● **WORK ORDER**: Please transcribe the entries exactly and omit the images they contain.

● **MATERIAL SHOWN**:
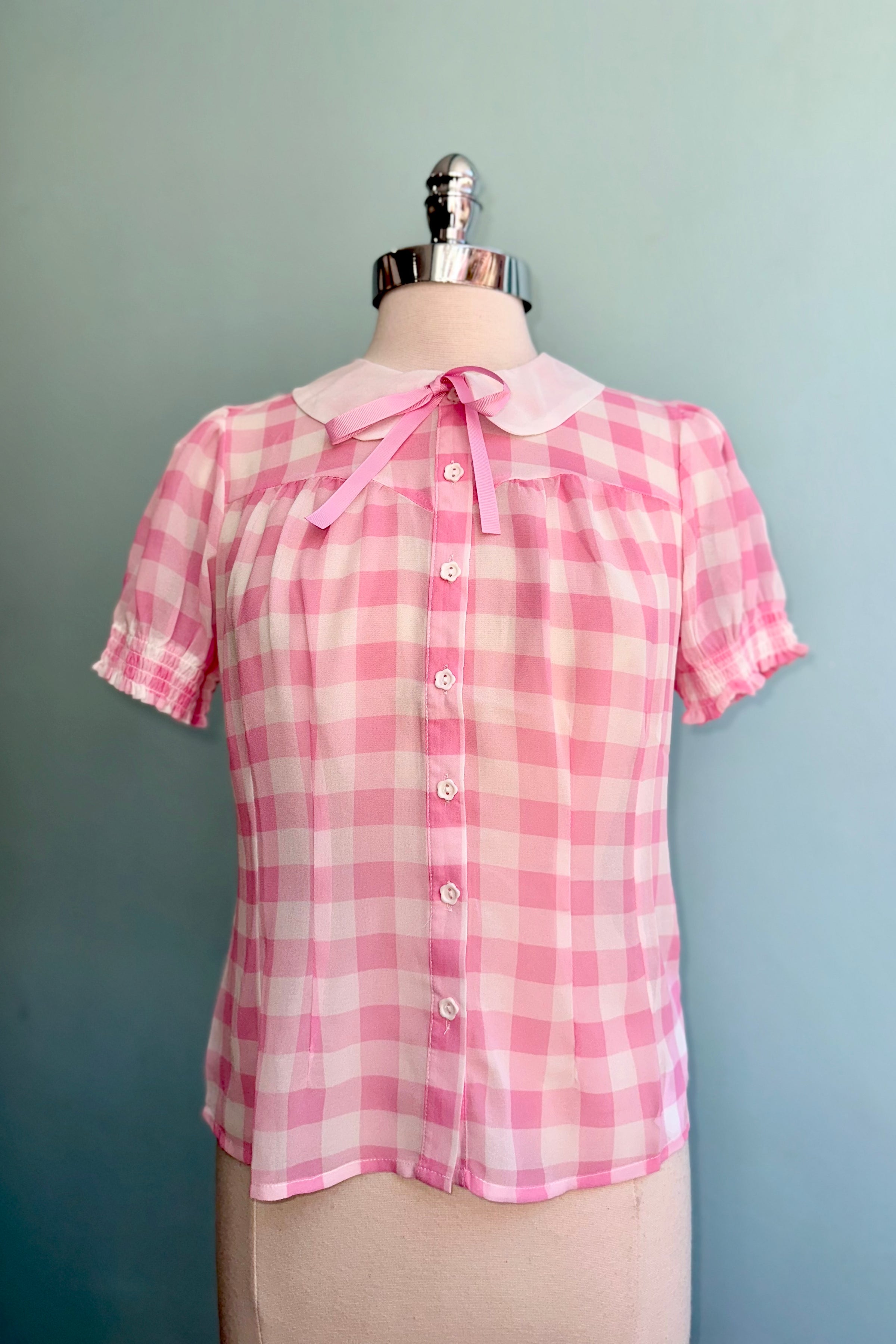 Chiffon blouse in pink and white gingham with a peter pan fold over collar in white finished with a pink ribbon. This top has a flower button down front and short sleeves are puffed with an elastic hem. This fabric is semi-sheer and is not lined.
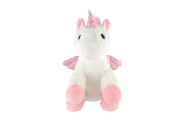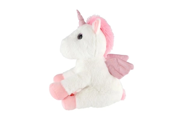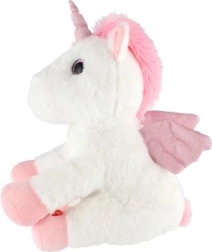 Плюшеният еднорог с мека бяла козина и розови детайли е идеален за гушкане и утеха.
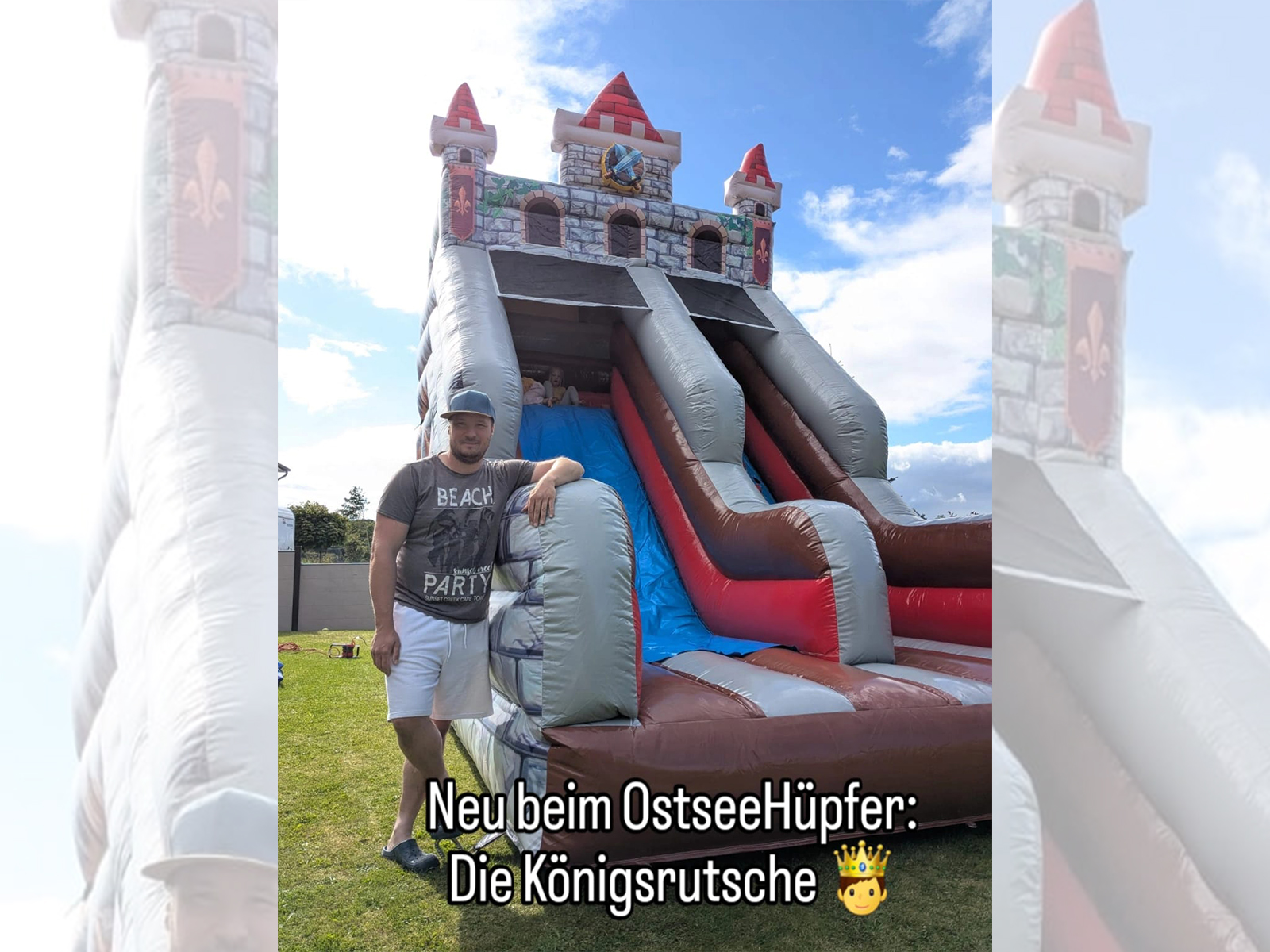 Unsere Hüpfburg ,,Ritterrutsche" bietet Platz für max. 10 Kinder und ist bei jedem Kindergeburtstag/Fest ein echter Hingucker. Durch das Ritter-Design und der hohen Rutsche verzaubert unsere ,,Ritterrutsche“ die Kinderaugen.
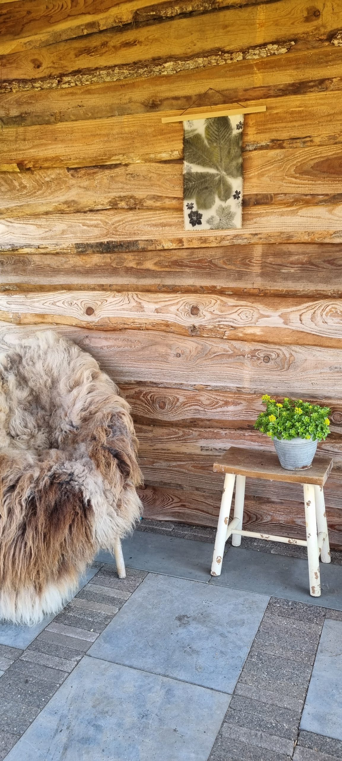 Gemaakt door met bepaalde technieken, natuurlijke hulp- en verfstoffen, de bladstructuren op linnen doek te printen.
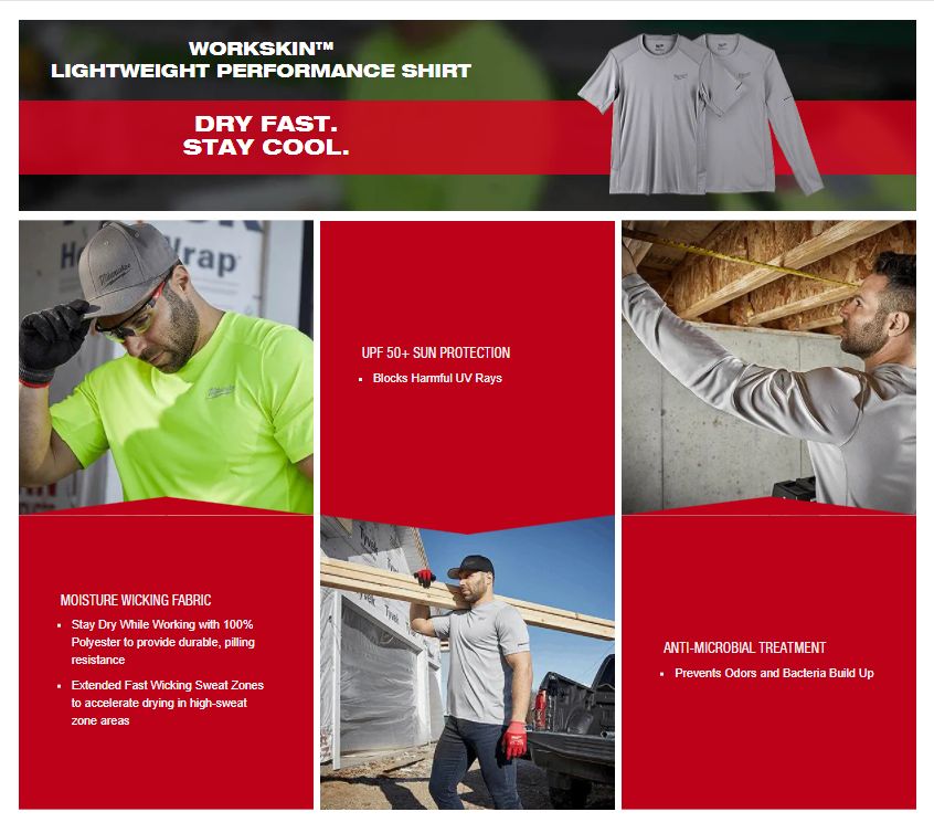 - Moisture wicking fabric - Stay Dry While Working
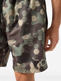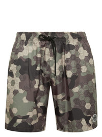 monogram pattern swim shorts Highlights - Taupe brown - Monogram pattern - Camouflage pattern - Elasticated drawstring waistband - Two side slit pockets - Be mindful to try on swimwear over your own garments. Imported Composition Polyester 100%
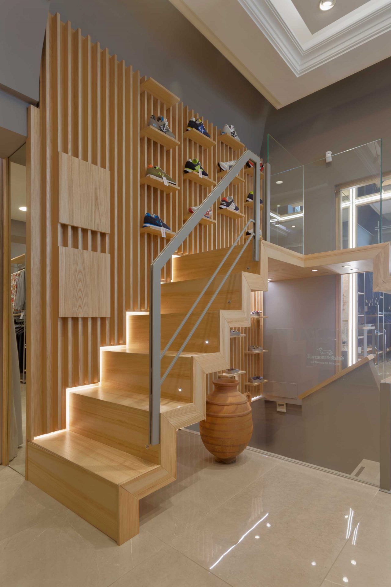 Il progetto lega i quattro ambienti con una linea di mobili espositori disegnati e realizzati su misura con strutture in metallo verniciato grigio seta e ripiani essenze di legno a richiamare il marchio in maniera stilizzata. Tutte le pareti sono di vellutato color grigio tale da risaltare i prodotti esposti. La monumentale cassa all’ingresso contrasta con la sua linearità e minimalismo con lo sfondo particolare in carta da parati quasi di belle époque ritrovata. La cura della luce, elemento fondamentale per l’esposizione, ha fatto sì che ogni angolo susciti emozione.
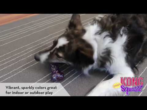 Denne sjove kastepind er fremstillet i et blødt og farverigt, men yderst holdbart K90 materiale, der er næsten umuligt at bide i stykker. Et drys konfetti giver KONG Squeezz Confetti legetøjet ekstra kulør.
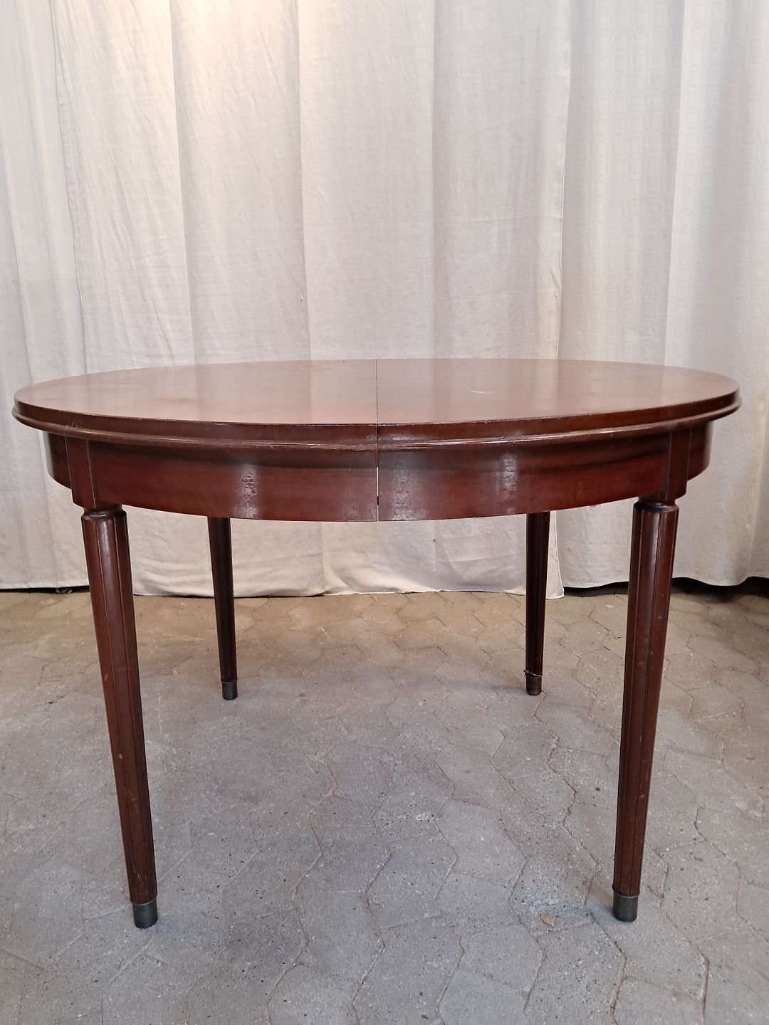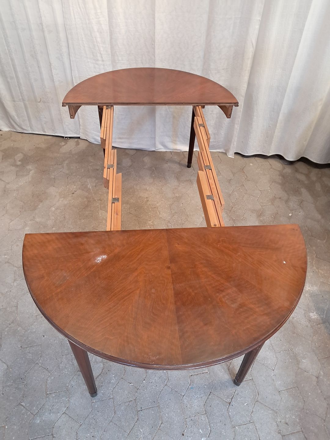 Rundt spisebord i fineret nødetræ med 3 tillægsplader,

● **SOLUTION**:
 Chiffon blouse in pink and white gingham with a peter pan fold over collar in white finished with a pink ribbon. This top has a flower button down front and short sleeves are puffed with an elastic hem. This fabric is semi-sheer and is not lined.
 Плюшеният еднорог с мека бяла козина и розови детайли е идеален за гушкане и утеха.
 Unsere Hüpfburg ,,Ritterrutsche" bietet Platz für max. 10 Kinder und ist bei jedem Kindergeburtstag/Fest ein echter Hingucker. Durch das Ritter-Design und der hohen Rutsche verzaubert unsere ,,Ritterrutsche“ die Kinderaugen.
 Gemaakt door met bepaalde technieken, natuurlijke hulp- en verfstoffen, de bladstructuren op linnen doek te printen.
 - Moisture wicking fabric - Stay Dry While Working
 monogram pattern swim shorts Highlights - Taupe brown - Monogram pattern - Camouflage pattern - Elasticated drawstring waistband - Two side slit pockets - Be mindful to try on swimwear over your own garments. Imported Composition Polyester 100%
 Il progetto lega i quattro ambienti con una linea di mobili espositori disegnati e realizzati su misura con strutture in metallo verniciato grigio seta e ripiani essenze di legno a richiamare il marchio in maniera stilizzata. Tutte le pareti sono di vellutato color grigio tale da risaltare i prodotti esposti. La monumentale cassa all’ingresso contrasta con la sua linearità e minimalismo con lo sfondo particolare in carta da parati quasi di belle époque ritrovata. La cura della luce, elemento fondamentale per l’esposizione, ha fatto sì che ogni angolo susciti emozione.
 Denne sjove kastepind er fremstillet i et blødt og farverigt, men yderst holdbart K90 materiale, der er næsten umuligt at bide i stykker. Et drys konfetti giver KONG Squeezz Confetti legetøjet ekstra kulør.
 Rundt spisebord i fineret nødetræ med 3 tillægsplader,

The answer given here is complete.